Recorded data
● ● ● ●
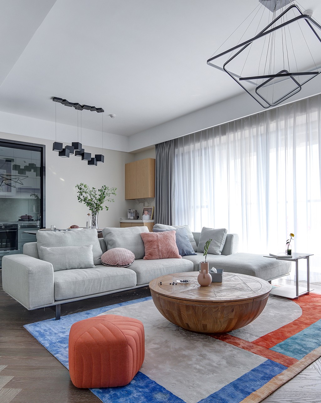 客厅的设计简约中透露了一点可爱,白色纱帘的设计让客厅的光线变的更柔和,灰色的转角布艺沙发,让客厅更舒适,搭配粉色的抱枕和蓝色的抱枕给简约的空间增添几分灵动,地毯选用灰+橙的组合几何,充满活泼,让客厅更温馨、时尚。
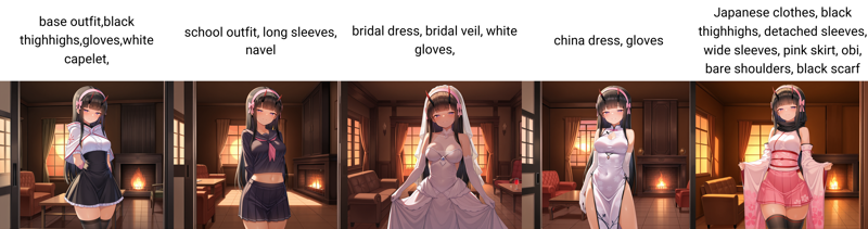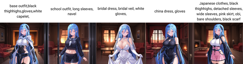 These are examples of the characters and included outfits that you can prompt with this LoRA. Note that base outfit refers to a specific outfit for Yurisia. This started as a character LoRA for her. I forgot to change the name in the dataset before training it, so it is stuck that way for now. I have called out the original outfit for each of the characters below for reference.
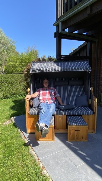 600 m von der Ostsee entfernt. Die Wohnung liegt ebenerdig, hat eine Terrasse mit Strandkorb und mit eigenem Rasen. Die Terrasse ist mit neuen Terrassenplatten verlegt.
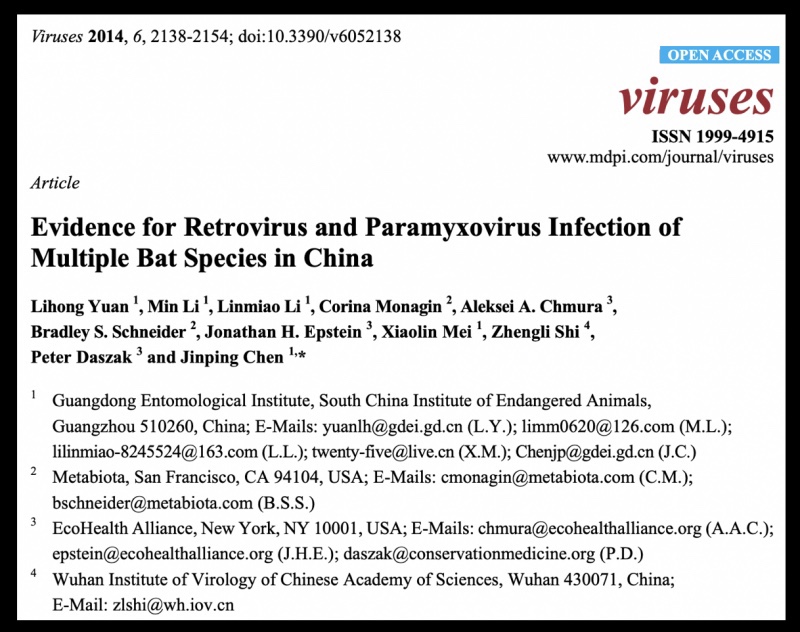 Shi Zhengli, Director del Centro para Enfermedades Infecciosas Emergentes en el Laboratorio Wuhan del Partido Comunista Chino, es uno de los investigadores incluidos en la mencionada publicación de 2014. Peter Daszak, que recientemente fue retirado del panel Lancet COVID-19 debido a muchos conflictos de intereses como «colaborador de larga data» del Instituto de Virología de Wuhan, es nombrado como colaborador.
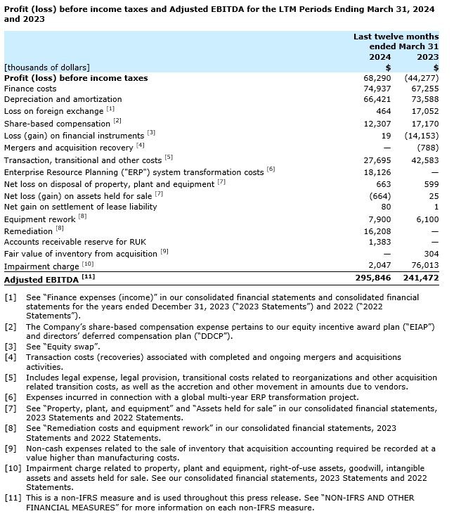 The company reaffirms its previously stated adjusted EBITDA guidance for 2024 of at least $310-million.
● ● ● ●
TASK BRIEF: Please repeat the data above exactly as it appears, pictures excluded.

ANSWER SECTION:
 客厅的设计简约中透露了一点可爱,白色纱帘的设计让客厅的光线变的更柔和,灰色的转角布艺沙发,让客厅更舒适,搭配粉色的抱枕和蓝色的抱枕给简约的空间增添几分灵动,地毯选用灰+橙的组合几何,充满活泼,让客厅更温馨、时尚。
 These are examples of the characters and included outfits that you can prompt with this LoRA. Note that base outfit refers to a specific outfit for Yurisia. This started as a character LoRA for her. I forgot to change the name in the dataset before training it, so it is stuck that way for now. I have called out the original outfit for each of the characters below for reference.
 600 m von der Ostsee entfernt. Die Wohnung liegt ebenerdig, hat eine Terrasse mit Strandkorb und mit eigenem Rasen. Die Terrasse ist mit neuen Terrassenplatten verlegt.
 Shi Zhengli, Director del Centro para Enfermedades Infecciosas Emergentes en el Laboratorio Wuhan del Partido Comunista Chino, es uno de los investigadores incluidos en la mencionada publicación de 2014. Peter Daszak, que recientemente fue retirado del panel Lancet COVID-19 debido a muchos conflictos de intereses como «colaborador de larga data» del Instituto de Virología de Wuhan, es nombrado como colaborador.
 The company reaffirms its previously stated adjusted EBITDA guidance for 2024 of at least $310-million.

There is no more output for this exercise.